Though the practices and workshops, pragmatic and practical guides, and in-depth learning content originated from agile software development consulting projects, most are relevant for almost any team.

Who Owns This?

Anyone and everyone.

The original site code and editorial content, including this distribution of it, are open source and distributed under the Apache License Version 2.0.

How to Contribute

Formal options include:

Informally: if you’re using this site you likely know me or know someone who does. Get ahold of me.

History

Once upon a time there was a software consulting company named Pivotal Labs.

The Pivotal Heritage

Over the decades many amazing people worked at Pivotal Labs, legal variations of that company, and the companies that acquired and employed a “Labs” consulting and the Cloud R&D division that emerged, including VMware Tanzu Labs and Broadcom.

These incredible software developers, product managers, UX designers, and managers developed many effective practices, workshops, and processes to help software projects be successful. These were documented almost exclusively in internal company sites and documents. Thus, while effective, their impact was limited to proprietary R&D and client consulting projects.

The Give-Back Campaign

Then, while under the stewardship of VMware, the organizations of Pivotal heritage undertook a campaign to Give Back to the software, product management, and design communities by publishing their wealth of knowledge on the public Internet under an open source license. For several years this content lived on the Tanzu Developer Center (“TDC”), owned by VMware.

To be fair, this was a match made of convenience, as the TDC’s primary purpose was to promote VMware products and related technologies, not guides to agile software team morale-building workshops, but the TDC was more than welcoming and provided a home and support for this content. Additional context here: How Pivotal/Tanzu Labs Works and Why.

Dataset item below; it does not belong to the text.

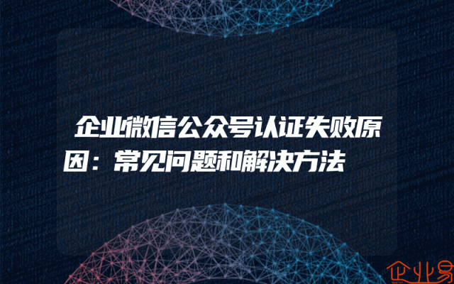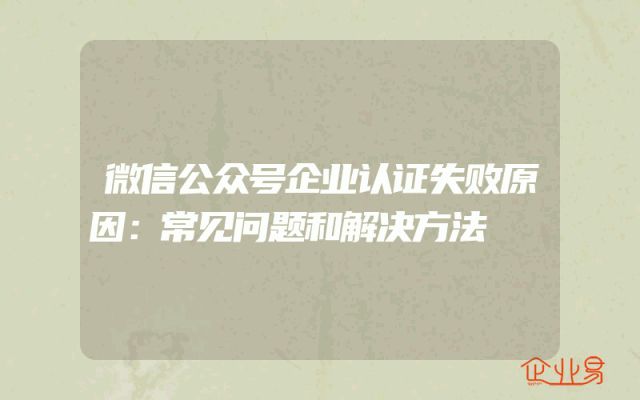 - 微信公众号企业认证失败原因:常见问题和解决方法

After VMware was acquired by Broadcom, most of the non-Labs oriented content was migrated from the TDC to other properties, and having served its purpose the TDC was decommissioned. This left in question where the Labs-oriented content might live. While the Labs content did find a home on other VMware/Broadcom sites, it again didn’t feel like it was quite at home. In addition, the contribution and maintenance process was unclear.

A New Hope Home

But, good news! All of the TDC’s code and content was open source, allowing for it to be redistributed. I decided to publish a focused, restyled version of the TDC site and content, centered around the agile software team (e.g. Labs-oriented) content, so that it remains a resource for all and has a clear process for contributions and change.

Who is Maintaining this Site and Content?

Who is this guy?

This site and content is currently maintained by Joe Moore.